*** Begin section ***

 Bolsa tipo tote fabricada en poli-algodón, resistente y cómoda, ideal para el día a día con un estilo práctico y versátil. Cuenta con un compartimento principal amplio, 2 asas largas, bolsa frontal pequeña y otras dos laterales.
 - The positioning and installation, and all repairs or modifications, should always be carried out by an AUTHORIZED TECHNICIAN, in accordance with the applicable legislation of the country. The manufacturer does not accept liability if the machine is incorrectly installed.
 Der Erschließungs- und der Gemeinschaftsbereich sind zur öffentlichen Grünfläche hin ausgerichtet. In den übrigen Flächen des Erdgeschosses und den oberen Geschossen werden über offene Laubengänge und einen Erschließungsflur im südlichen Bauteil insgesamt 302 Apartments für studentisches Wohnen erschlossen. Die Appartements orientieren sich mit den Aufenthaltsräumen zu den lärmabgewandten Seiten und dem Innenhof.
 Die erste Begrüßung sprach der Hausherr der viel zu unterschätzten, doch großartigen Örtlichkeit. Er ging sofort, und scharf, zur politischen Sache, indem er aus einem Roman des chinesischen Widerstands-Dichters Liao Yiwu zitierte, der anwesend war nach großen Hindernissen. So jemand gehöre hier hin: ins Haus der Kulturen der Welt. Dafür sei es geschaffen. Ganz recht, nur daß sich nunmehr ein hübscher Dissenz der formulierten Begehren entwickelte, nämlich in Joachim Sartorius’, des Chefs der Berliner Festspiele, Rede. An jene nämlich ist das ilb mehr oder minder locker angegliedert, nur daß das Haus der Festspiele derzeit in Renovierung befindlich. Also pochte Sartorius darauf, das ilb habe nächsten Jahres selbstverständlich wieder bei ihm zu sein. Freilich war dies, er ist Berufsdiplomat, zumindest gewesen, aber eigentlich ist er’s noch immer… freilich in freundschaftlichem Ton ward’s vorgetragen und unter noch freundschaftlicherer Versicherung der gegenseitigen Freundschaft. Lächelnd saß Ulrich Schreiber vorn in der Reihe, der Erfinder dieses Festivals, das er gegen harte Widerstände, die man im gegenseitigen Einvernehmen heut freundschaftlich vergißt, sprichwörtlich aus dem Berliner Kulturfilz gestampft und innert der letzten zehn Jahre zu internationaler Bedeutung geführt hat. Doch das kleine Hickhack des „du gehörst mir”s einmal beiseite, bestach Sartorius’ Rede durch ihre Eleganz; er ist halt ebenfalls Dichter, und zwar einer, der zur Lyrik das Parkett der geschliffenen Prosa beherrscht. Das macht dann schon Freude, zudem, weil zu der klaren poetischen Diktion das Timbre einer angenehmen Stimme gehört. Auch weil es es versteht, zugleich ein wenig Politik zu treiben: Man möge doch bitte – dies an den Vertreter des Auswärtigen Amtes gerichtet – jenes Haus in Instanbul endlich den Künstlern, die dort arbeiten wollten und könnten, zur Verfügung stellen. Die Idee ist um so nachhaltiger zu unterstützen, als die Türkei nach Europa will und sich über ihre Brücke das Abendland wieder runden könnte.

*** End section ***
*** Begin section ***

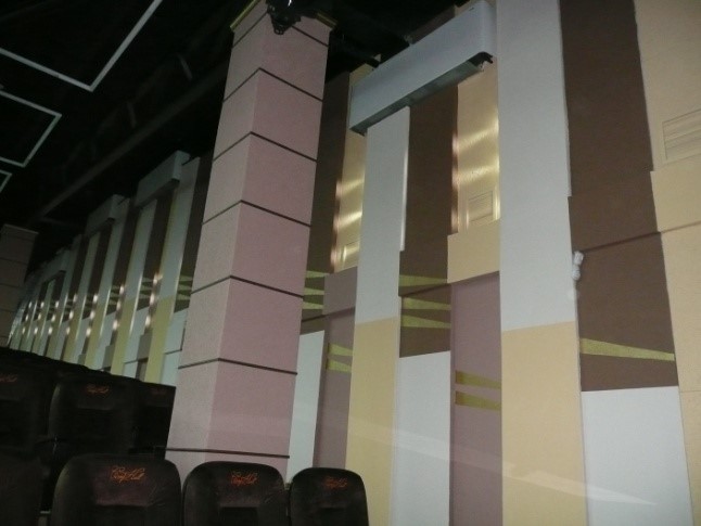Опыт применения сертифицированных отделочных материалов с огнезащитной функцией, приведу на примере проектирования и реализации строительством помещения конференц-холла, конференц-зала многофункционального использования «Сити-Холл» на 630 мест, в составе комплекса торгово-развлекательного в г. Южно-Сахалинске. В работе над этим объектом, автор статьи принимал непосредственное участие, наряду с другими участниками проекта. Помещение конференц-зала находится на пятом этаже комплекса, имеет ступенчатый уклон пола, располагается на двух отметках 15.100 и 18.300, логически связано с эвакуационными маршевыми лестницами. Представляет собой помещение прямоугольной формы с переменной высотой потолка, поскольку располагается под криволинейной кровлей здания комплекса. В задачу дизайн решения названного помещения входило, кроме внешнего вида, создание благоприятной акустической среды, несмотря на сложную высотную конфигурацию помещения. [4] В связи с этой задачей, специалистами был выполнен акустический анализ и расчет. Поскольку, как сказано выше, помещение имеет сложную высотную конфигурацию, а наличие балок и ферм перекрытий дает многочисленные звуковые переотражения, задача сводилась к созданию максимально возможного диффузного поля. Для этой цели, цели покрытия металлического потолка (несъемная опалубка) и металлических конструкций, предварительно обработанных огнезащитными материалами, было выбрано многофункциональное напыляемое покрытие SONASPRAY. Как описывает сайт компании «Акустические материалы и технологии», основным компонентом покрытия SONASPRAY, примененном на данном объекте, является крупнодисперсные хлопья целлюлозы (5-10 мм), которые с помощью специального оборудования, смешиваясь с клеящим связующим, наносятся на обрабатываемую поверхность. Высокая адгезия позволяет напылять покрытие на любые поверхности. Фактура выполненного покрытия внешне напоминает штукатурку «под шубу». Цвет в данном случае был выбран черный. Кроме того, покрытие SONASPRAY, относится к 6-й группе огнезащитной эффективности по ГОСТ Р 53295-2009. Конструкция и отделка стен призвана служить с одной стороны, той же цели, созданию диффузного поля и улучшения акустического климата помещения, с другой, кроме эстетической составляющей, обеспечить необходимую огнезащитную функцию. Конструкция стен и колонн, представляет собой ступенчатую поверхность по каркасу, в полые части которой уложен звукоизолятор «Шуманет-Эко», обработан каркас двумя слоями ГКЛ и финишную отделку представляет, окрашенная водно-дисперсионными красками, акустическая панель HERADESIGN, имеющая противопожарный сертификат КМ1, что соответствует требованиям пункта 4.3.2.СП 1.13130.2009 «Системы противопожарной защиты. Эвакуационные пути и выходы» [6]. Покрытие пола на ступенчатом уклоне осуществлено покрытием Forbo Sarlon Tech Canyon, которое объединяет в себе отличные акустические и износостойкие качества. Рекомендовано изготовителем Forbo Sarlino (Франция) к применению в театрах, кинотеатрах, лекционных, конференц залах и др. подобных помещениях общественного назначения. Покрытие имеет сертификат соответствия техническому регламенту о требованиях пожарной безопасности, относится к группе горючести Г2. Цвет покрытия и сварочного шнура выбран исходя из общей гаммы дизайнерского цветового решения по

*** End section ***
*** Begin section ***

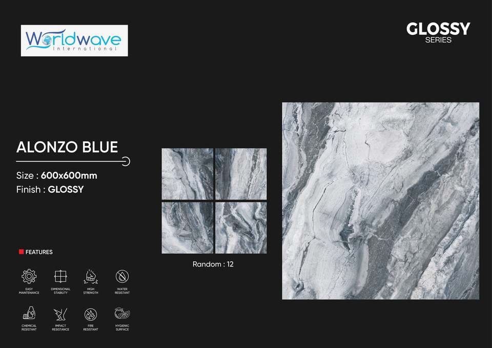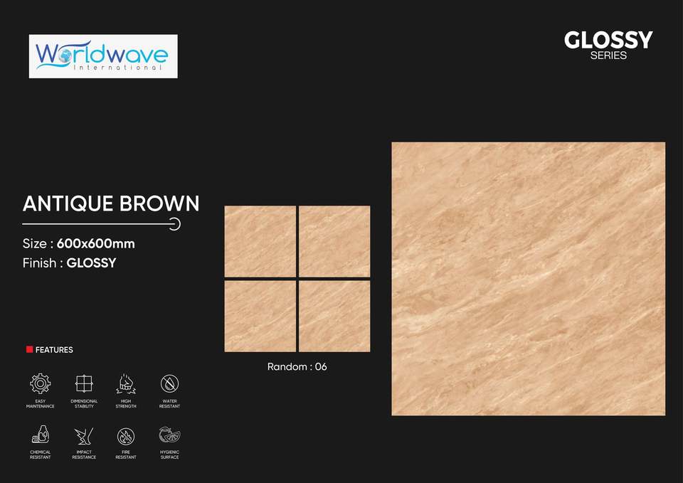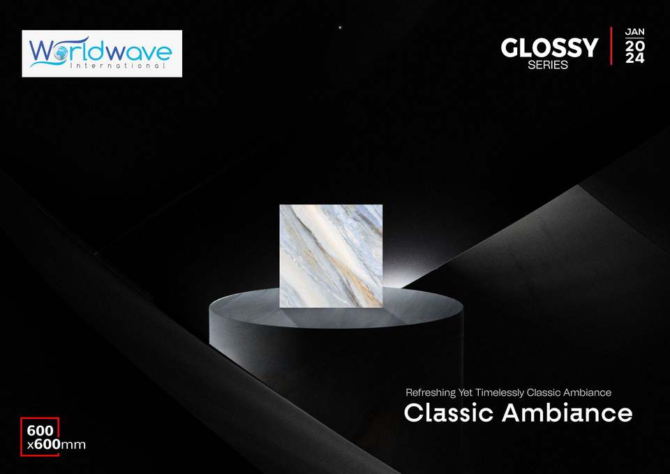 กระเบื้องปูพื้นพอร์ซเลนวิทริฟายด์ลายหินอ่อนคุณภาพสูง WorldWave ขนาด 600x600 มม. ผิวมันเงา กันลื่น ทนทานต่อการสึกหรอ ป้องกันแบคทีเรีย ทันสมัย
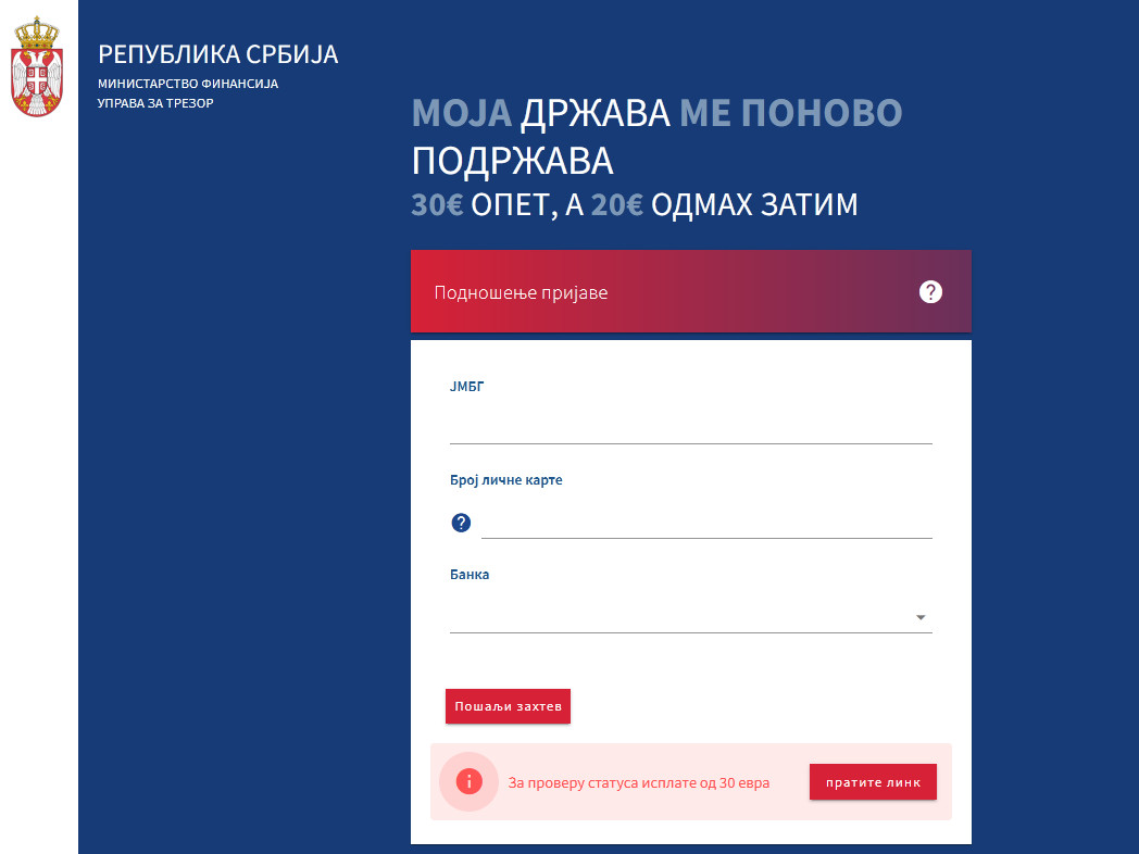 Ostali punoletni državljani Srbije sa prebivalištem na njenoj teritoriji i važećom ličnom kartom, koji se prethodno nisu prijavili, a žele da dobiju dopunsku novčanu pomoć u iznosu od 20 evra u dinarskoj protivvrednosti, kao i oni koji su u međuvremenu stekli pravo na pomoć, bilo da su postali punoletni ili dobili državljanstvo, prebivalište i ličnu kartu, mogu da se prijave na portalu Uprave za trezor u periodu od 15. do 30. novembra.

*** End section ***

What the exercise asks: Print, without alteration, only the lines above between the one holding "Bolsa tipo tote" and the one holding "Der Erschließungs- und", inclusive.

Answer below:
 Bolsa tipo tote fabricada en poli-algodón, resistente y cómoda, ideal para el día a día con un estilo práctico y versátil. Cuenta con un compartimento principal amplio, 2 asas largas, bolsa frontal pequeña y otras dos laterales.
 - The positioning and installation, and all repairs or modifications, should always be carried out by an AUTHORIZED TECHNICIAN, in accordance with the applicable legislation of the country. The manufacturer does not accept liability if the machine is incorrectly installed.
 Der Erschließungs- und der Gemeinschaftsbereich sind zur öffentlichen Grünfläche hin ausgerichtet. In den übrigen Flächen des Erdgeschosses und den oberen Geschossen werden über offene Laubengänge und einen Erschließungsflur im südlichen Bauteil insgesamt 302 Apartments für studentisches Wohnen erschlossen. Die Appartements orientieren sich mit den Aufenthaltsräumen zu den lärmabgewandten Seiten und dem Innenhof.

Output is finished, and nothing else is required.